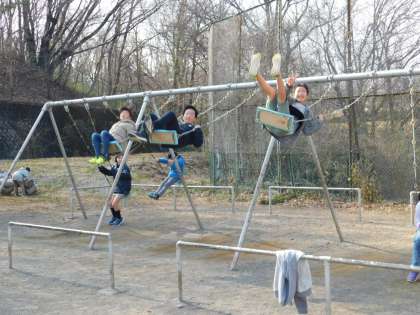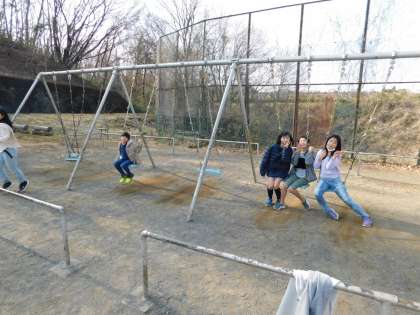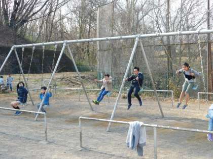 ブランコでは、珍しく6年生が遊んでいました。
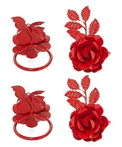 Vibhsa Napkin Holder Table Napkin Rings for Parties Wedding Everyday Dinner Decor Flower Napkin Rings Set of 4 (Red Rose)
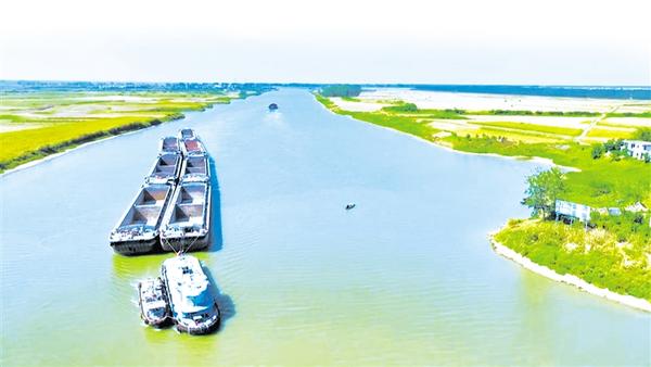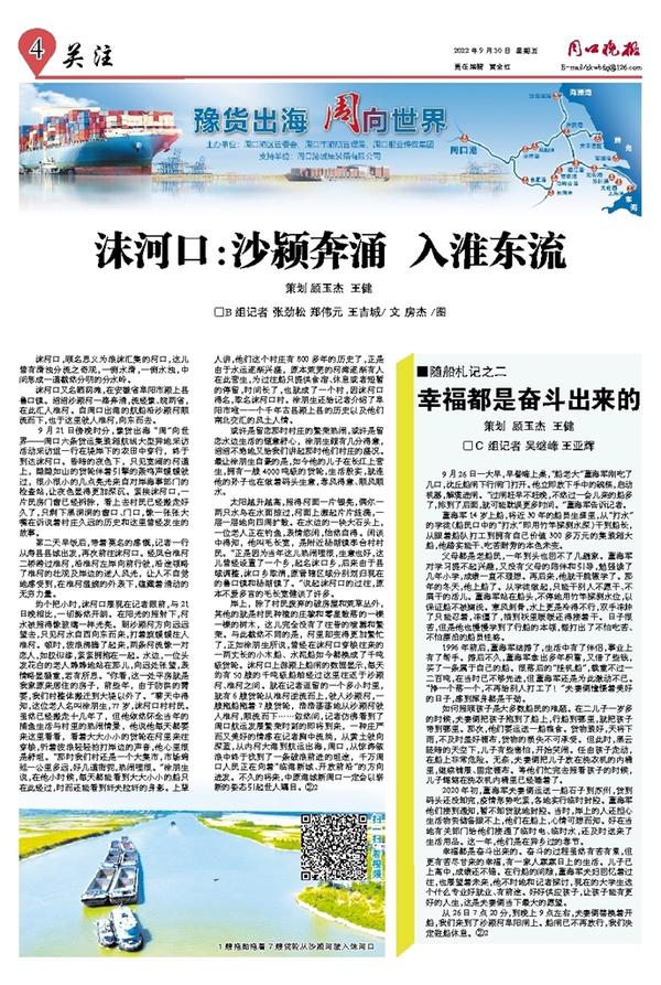 岸上,除了村民废弃的破房屋和荒草丛外,其他的就是村民种植的庄稼和零星散落的一棵一棵的树木,这儿完全没有了往昔的喧嚣和繁荣。与此截然不同的是,河里却变得更加繁忙了,正如徐朋生所说,曾经在沫河口穿梭往来的一两丈长的小木船、水泥船如今都换成了千吨级货轮。沫河口上游颍上船闸的数据显示,每天约有50艘的千吨级船舶经过这里往返于沙颍河、淮河之间。就在记者逗留的一个多小时里,就有6艘货轮从淮河逆流而上,驶入沙颍河,一艘拖船拖着7艘货轮,浩浩荡荡地从沙颍河驶入淮河,顺流而下……忽然间,记者仿佛看到了周口航运发展繁荣时刻的即将到来,一种庄严而又美好的情感在记者胸中流淌,从黄土驶向深蓝,从内河大港到航运出海,周口,从惊涛骇浪中终于找到了一条破浪前进的坦途,千万周口人民正在向着“临港新城、开放前沿”的方向进发。不久的将来,中原港城新周口一定会以崭新的姿态引起世人瞩目。②2
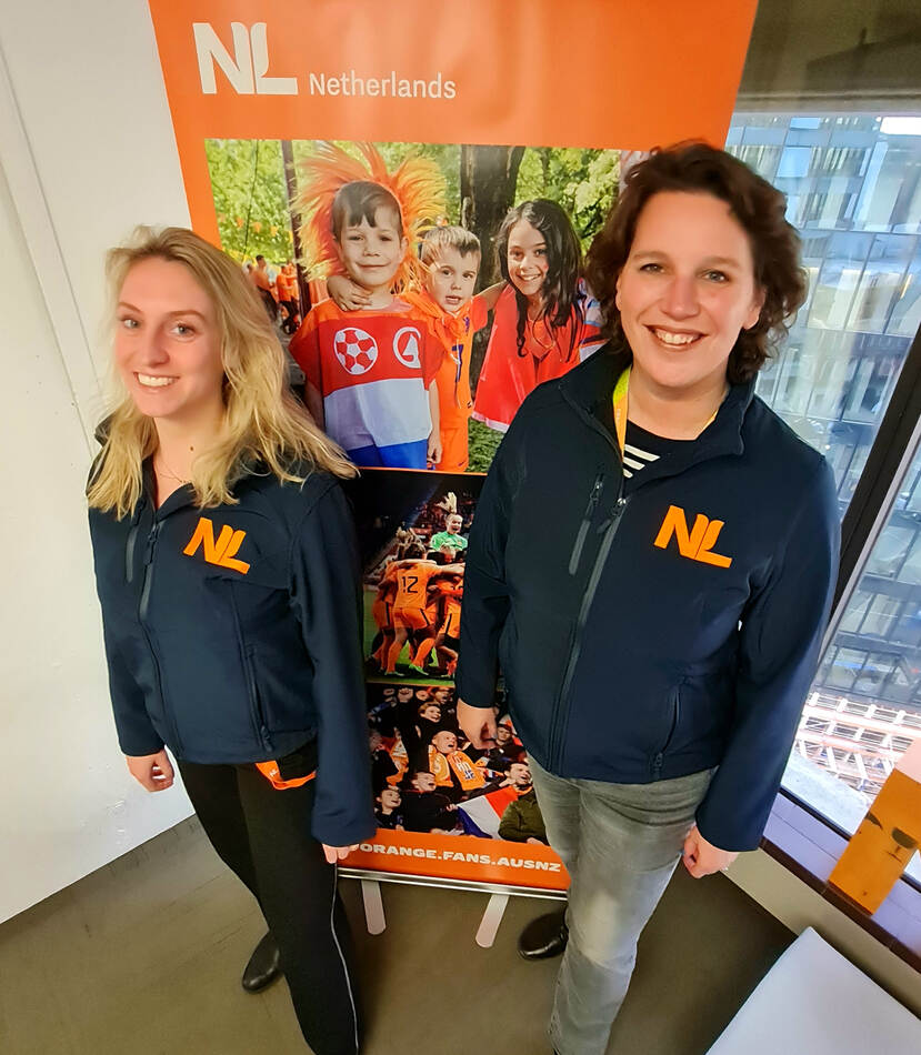 Meike: ‘Ook in Australië staat ons team klaar bij de fanzones. Met onze Koningsblauwe sweaters en shirts met oranje NL logo’s zijn we goed zichtbaar tussen alle Oranjefans!’
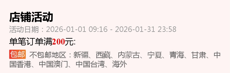 訂單達到免運條件後,運費將涵蓋關稅及5公斤以內包裹的基本運費。若包裹最終稱重超過5公斤,超重部分將依據集運倉運費計算公告(https://m.bcatlogistics.com/single?id=115)依照材積重量加收運費。客服人員將在收到加收運費通知後與您聯繫。若於收到收費通知D+5日內無法聯繫上您或未得到回覆,訂單將直接取消,包裹將進行逆物流退回廠商。此外,消費者需承擔大陸端的往返運費(約新台幣200至2000元不等)。若未支付逆物流費用,將無法進行退款作業。建議您在下單前先與商家客服確認運費預估金額。 - 「全球購折價券及運費折抵券,為消費者免費領取,視為附條件使用的優惠券,僅限訂單成功完成後生效。若因斷貨、缺貨等不可控因素導致訂單取消,折價券/運費折抵券因交易未成立而失效,恕不返還。消費者領取及使用本折價券,即視為同意相關活動規則及限制。」
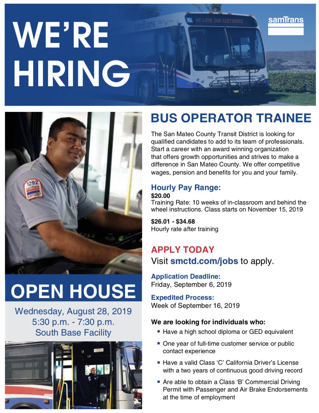 Samtrans On Twitter Samtrans Bus Operator Job Fair In Cityofsancarlos Samtrans Southbase Facility 501 Pico Blvd San Carlos Wed August 28th 5 30 Pm 7 30 Pm We Re Seeking Men Amp
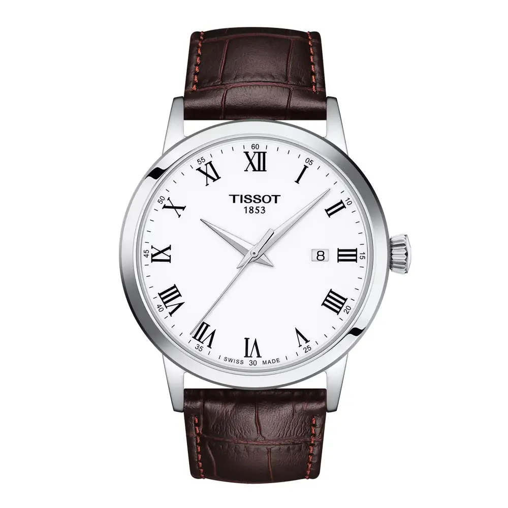 Tissot Classic Dream sở hữu vẻ đẹp trang nhã với đường nét tinh gọn và phong cách vượt thời gian. Vỏ thép 316L 42 mm kết hợp cùng mặt số trắng–bạc với chữ số La Mã và kim mảnh tạo nên vẻ lịch thiệp, sang trọng — lý tưởng cho công việc, sự kiện trang trọng hoặc phong cách thanh lịch mỗi ngày. Dây da nâu với khóa truyền thống hoàn thiện vẻ đẹp cổ điển của đồng hồ.
····················
§ **Assignment**: The answer must consist solely of the lines from the first line of the data through the line containing "Vibhsa Napkin Holder", inclusive, reproduced exactly and without pictures.

§ **Result of this task**:
 ブランコでは、珍しく6年生が遊んでいました。
 Vibhsa Napkin Holder Table Napkin Rings for Parties Wedding Everyday Dinner Decor Flower Napkin Rings Set of 4 (Red Rose)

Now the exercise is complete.